A reformed alcoholic who pioneered a Bradford Drugs service has been voted Yorkshire Woman of the Year by people across the region.

Yvonne Oliver battled her own addiction to set up the Ripple Drugs Services in Buttershaw almost seven years ago after her two children became hooked on heroin.

The 51-year-old mum, who has helped people to conquer addiction and rebuild their lives through Ripple, was honoured yesterday when she scooped the gong in the Heart of Yorkshire Awards, run by the Variety Club of Great Britain and the BBC in Yorkshire, to celebrate the county's unsung heroes.

Mrs Oliver joined the Bradford Bulls skipper Robbie Paul and coach Brian Noble, who picked up the Sports Award on behalf of the Bulls, and Ilkley writer Jilly Cooper OBE, who scooped the 2004 Media Award at a presentation in York yesterday.

Mrs Oliver said: "I am thrilled to bits to get this but it's also great for Bradford. There are lots of good people in Bradford who are all working hard together trying to do something to combat drugs because we love Bradford and we want to claim our city back from this epidemic.

"I am not special. All that happened was that I got sick and tired of my addiction and I went into treatment and did something about it. And I realised that you can have a great life if you help other people around you instead of being self-centred and self-serving.

"I want people to do even greater things than I have done. I want people to achieve their full potential and to bring out the creativity in people. I would like to recommend a client of mine in a few years for the same award."

Mrs Oliver, of Laisterdyke, gained a degree in Communications and Public Media and a Masters in Managing Change and had become a radio producer after undergoing treatment in 1983.

But she was prompted to take a job as a community worker in Buttershaw when her two children became hooked on heroin.

The mum single-handedly opened Ripple in 1998 to treat the effects of drug misuse on users and the wider community and the project now boasts 60 workers with a client base of 2,000 and a turnover of £1.4 million.

Mrs Oliver was congratulated by veteran actress Maureen Lipman as she stepped down from the stage after receiving her award.

The Bradford Bulls won the award for their outstanding sporting achievements in winning the Grand Final, the Super League title, Challenge Cup and the World Club Challenge over the past two years.

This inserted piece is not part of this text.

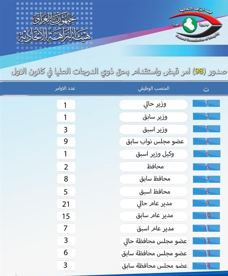 وقال بيان للنزاهة ان "دائرة التحقيقات في الهيئة أفادت بأنَّ أوامر القبض والاستقدام التي أصدرتها الجهات القضائيَّة جاءت على خلفيَّة قضايا حقَّقت فيها مُديريَّات ومكاتب تحقيق الهيئة في بغداد والمحافظات وأحالتها إلى القضاء".وأوضح البيان، ان "هناك (98) أمر قبضٍ واستقدامٍ بحقّ كبار المسؤولين من ذوي الدرجات العليا للمُّدة من (1-31/12/2021)، منها (21) أمر قبضٍ و(77) أمر استقدام".وأضاف، إنَّ "الأوامر شملت وزيراً حالياً ووزيراً سابقاً وثلاثة وزراء أسبقين ووكيلاً أسبق وتسعة نوَّاب سابقين، فضلاً عن مُحافظين حاليَّينِ و(8) محافظين سابقين و(5) أسبقين، كما شملت الأوامر (21) مديراً عاماً حالياً و(15) مديراً عاماً سابقاً وسبعة أسبقين، فيما صدرت (12) أمراً بحقِّ أعضاء مجالس محافظات".![]()

Bulls' spokesman Stuart Duffy said: "We are absolutely delighted to be honoured by the Variety Club of Great Britain and by the public to be recognised for our achievements last year in winning all four competitions available to us."

The awards were held in the run-up to Yorkshire Day tomorrow.

Variety Club of Great Britain events organiser David Haycox praised all the winners in the Heart of Yorkshire awards, which raised more than £350,000 for disadvantaged and disabled children in the area.

"The awards were held for the very first time last year and have already won a special place in the hearts of Yorkshire folk," he said. "We are already planning next year's Heart of Yorkshire awards and are determined to raise even more money to ensure that disadvantaged and disabled children across the region continue to receive our ongoing support."

BBC Look North presenter Harry Gration added: "As a Yorkshireman with a real pride in the place I come from, it's good to acknowledge the people whose service to the community is above and beyond the call of duty, and sometimes, it's not even a duty.

"It's always said that Yorkshire folk are the most kind-hearted. I think these awards confirm that."